I was stooging about on twitter when up into my feed popped @thelizweston with a link to her blog post Work home merge about an article she'd read about how there isn't really a dividing line between work and home - one can spend a lunchtime on Facebook or twitter during the day, and then answer email at night. It sounds like some kind of all encompassing flexi-time.
Liz has then gone on to ask for the opinion of various working mothers, working in various ways. I am throwing in my ten pennorth, because.... I can!
Work life merge has affected us for a long time. AC's dad is RAF. Rich was RAF and served abroad in Afghan, J was RAF and now has a job which is also his hobby. I'm a teacher. My mother was a teacher. It's what I know.
Perhaps it is because it is all I know, that it didn't used to bother me. Work needs doing. Currently, I have the e-safety policy to complete, ICT planning for next half term to write, general planning to do, and a lurking pile of maths books as yet unmarked from last term. Oh, and a new boy with no English starting on the first day back. And a training day presentation on e-safety to prep for Monday. I'd almost forgotten about that one. Thank goodness for Evernote!
However, as we know, this is the school holidays. This is the time I get to spend with my son, my stepson, my partner, my family, my friends. This is the season of goodwill and love to all mankind! So far, I've done no work.
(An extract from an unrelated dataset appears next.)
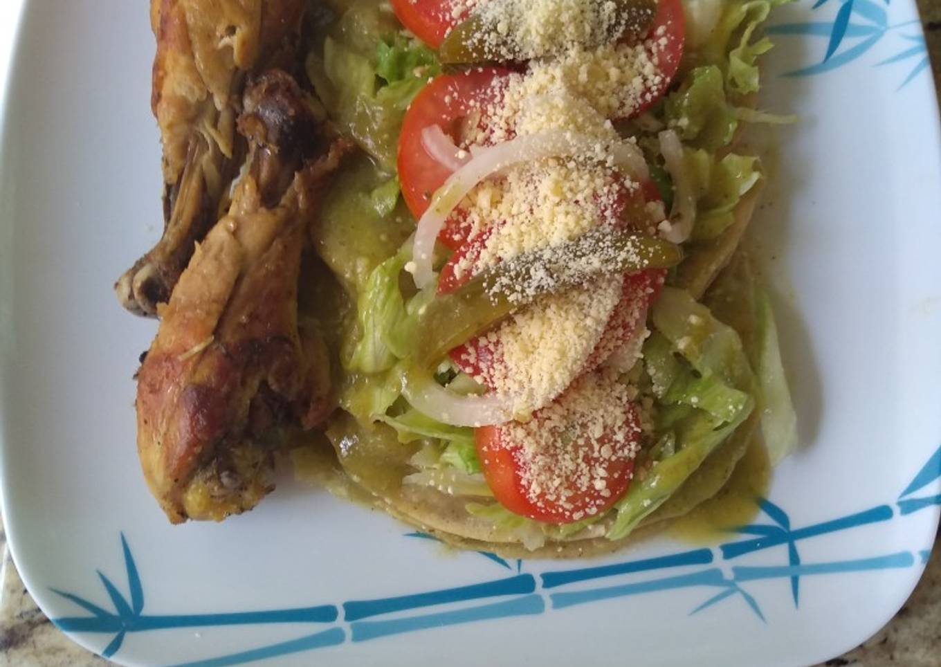 - Freír las tortillas en aceite que queden suaves, mojar en la salsa verde ponerles queso seco enmedio y doblar, colocarles lechuga picada encima y ruedas de jitomate y cebolla que sazone con vinagre de.chiles jalapeños, orégano seco, sal, y jugo de limón, ponerles más queso encima y acompañar con el pollo frito, quedan realmente deliciosas 😋😋😋

In the past I have worked through the holidays, and played with my son in 15 minute sections. Or I've sat next to my man with my laptop, working through a film. I've bought food rather than making it. I've not written to friends, or my Nanna. This is a bad work life merge! This is all work!
What changed? Rich's death brought me a lot of perspective.
I promised my son I would never tell him I have to work rather than cuddle him, play with him, just be with him. When I got together with J, I made similar promises to him, for the sake of us. I hadn't expected to get that kind of happiness again, I'm not wasting it through work!
Selfishly, it's also because of the pension fiasco that is the teachers pension scheme, the fact I failed my threshold on a technicality, the fact that ICT co-ordinators used to get an afternoon a week to do their work and now they don't, amongst other reasons, so don't think I'm a saint, because I am not!
But then..... I make those decisions, to put family first, and then I get a new child who needs specialist resources. Where will those come from? My hands, my brain, my printer, my laminator, my scissors (and twinkl, Sparklebox, times educational supplement, again, don't think I'm a saint lol!) these days my son helps cut out - its family time doing something together right? It's good motor skills practice. That's what I tell myself.
And then there's the marking. I'm not ashamed to say that my OH has helped with marking tests by reading results for me to put on the computer. That's working together on a project.... right?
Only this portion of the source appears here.